From mboxrd@z Thu Jan  1 00:00:00 1970
From: Dave Hansen <dave.hansen@linux.intel.com>
Subject: Re: [RFC PATCH v2 16/27] mm: Modify can_follow_write_pte/pmd for
 shadow stack
Date: Wed, 18 Jul 2018 17:06:33 -0700
Message-ID: <f4c90626-51d8-5551-5b77-baaff81f16bb@linux.intel.com>
References: <20180710222639.8241-1-yu-cheng.yu@intel.com>
 <20180710222639.8241-17-yu-cheng.yu@intel.com>
 <de510df6-7ea9-edc6-9c49-2f80f16472b4@linux.intel.com>
 <1531328731.15351.3.camel@intel.com>
 <45a85b01-e005-8cb6-af96-b23ce9b5fca7@linux.intel.com>
 <1531868610.3541.21.camel@intel.com>
 <fa9db8c5-41c8-05e9-ad8d-dc6aaf11cb04@linux.intel.com>
 <1531944882.10738.1.camel@intel.com>
 <3f158401-f0b6-7bf7-48ab-2958354b28ad@linux.intel.com>
 <1531955428.12385.30.camel@intel.com>
Mime-Version: 1.0
Content-Type: text/plain; charset=utf-8
Content-Transfer-Encoding: 8bit
Return-path: <linux-kernel-owner@vger.kernel.org>
In-Reply-To: <1531955428.12385.30.camel@intel.com>
Content-Language: en-US
Sender: linux-kernel-owner@vger.kernel.org
To: Yu-cheng Yu <yu-cheng.yu@intel.com>, x86@kernel.org, "H. Peter Anvin" <hpa@zytor.com>, Thomas Gleixner <tglx@linutronix.de>, Ingo Molnar <mingo@redhat.com>, linux-kernel@vger.kernel.org, linux-doc@vger.kernel.org, linux-mm@kvack.org, linux-arch@vger.kernel.org, linux-api@vger.kernel.org, Arnd Bergmann <arnd@arndb.de>, Andy Lutomirski <luto@amacapital.net>, Balbir Singh <bsingharora@gmail.com>, Cyrill Gorcunov <gorcunov@gmail.com>, Florian Weimer <fweimer@redhat.com>, "H.J. Lu" <hjl.tools@gmail.com>, Jann Horn <jannh@google.com>, Jonathan Corbet <corbet@lwn.net>, Kees Cook <keescook@chromiun.org>, Mike Kravetz <mike.kravetz@oracle.com>, Nadav Amit <nadav.amit@gmail.com>, Oleg Nesterov <oleg@redhat.com>, Pavel Machek <pavel@ucw.cz>, Peter Zijlstra <pet>
List-Id: linux-api@vger.kernel.org

>>> -static inline bool can_follow_write_pte(pte_t pte, unsigned int flags)
>>> +static inline bool can_follow_write(pte_t pte, unsigned int flags,
>>> +				    struct vm_area_struct *vma)
>>>  {
>>> -	return pte_write(pte) ||
>>> -		((flags & FOLL_FORCE) && (flags & FOLL_COW) && pte_dirty(pte));
>>> +	if (!is_shstk_mapping(vma->vm_flags)) {
>>> +		if (pte_write(pte))
>>> +			return true;
>> Let me see if I can say this another way.
>>
>> The bigger issue is that these patches change the semantics of
>> pte_write().  Before these patches, it meant that you *MUST* have this
>> bit set to write to the page controlled by the PTE.  Now, it means: you
>> can write if this bit is set *OR* the shadowstack bit combination is set.
> 
> Here, we only figure out (1) if the page is pointed by a writable PTE; or
> (2) if the page is pointed by a RO PTE (data or SHSTK) and it has been
> copied and it still exists.  We are not trying to
> determine if the
> SHSTK PTE is writable (we know it is not).

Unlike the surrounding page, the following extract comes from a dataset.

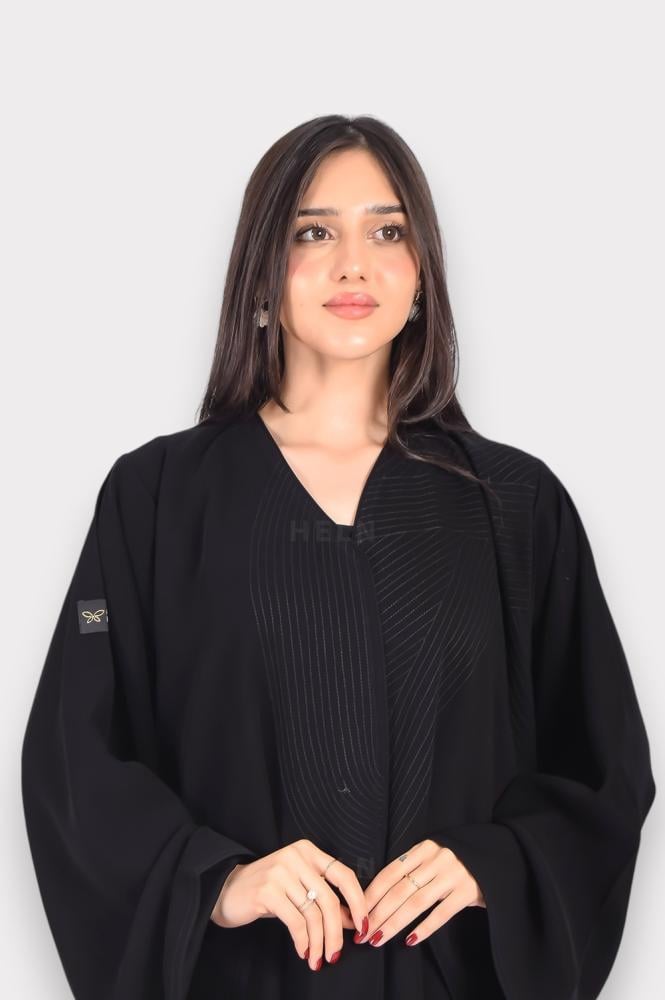 التصميم : عباية كم مربع مصنوعة من قماش كريب اندونيسي مرن وخفيف يمنحها مظهراً فضفاضا، مناسبة لكل الأوقات.

Please think about the big picture.  I'm not just talking about this
patch, but about every use of pte_write() in the kernel.

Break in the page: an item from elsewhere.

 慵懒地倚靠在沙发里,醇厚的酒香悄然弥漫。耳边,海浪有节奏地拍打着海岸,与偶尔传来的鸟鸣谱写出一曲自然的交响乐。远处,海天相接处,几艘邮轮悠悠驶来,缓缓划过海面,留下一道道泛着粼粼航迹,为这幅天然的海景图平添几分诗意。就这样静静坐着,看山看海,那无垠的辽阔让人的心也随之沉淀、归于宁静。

>> That's the fundamental problem.  We need some code in the kernel that
>> logically represents the concept of "is this PTE a shadowstack PTE or a
>> PTE with the write bit set", and we will call that pte_write(), or maybe
>> pte_writable().
>>
>> You *have* to somehow rectify this situation.  We can absolutely no
>> leave pte_write() in its current, ambiguous state where it has no real
>> meaning or where it is used to mean _both_ things depending on context.
> 
> True, the processor can always write to a page through a shadow stack
> PTE, but it must do that with a CALL instruction.  Can we define a 
> write operation as: MOV r1, *(r2).  Then we don't have any doubt on
> pte_write() any more.

No, we can't just move the target. :)

You can define it this way, but then you also need to go to every spot
in the kernel that calls pte_write() (and _PAGE_RW in fact) and audit it
to ensure it means "mov ..." and not push.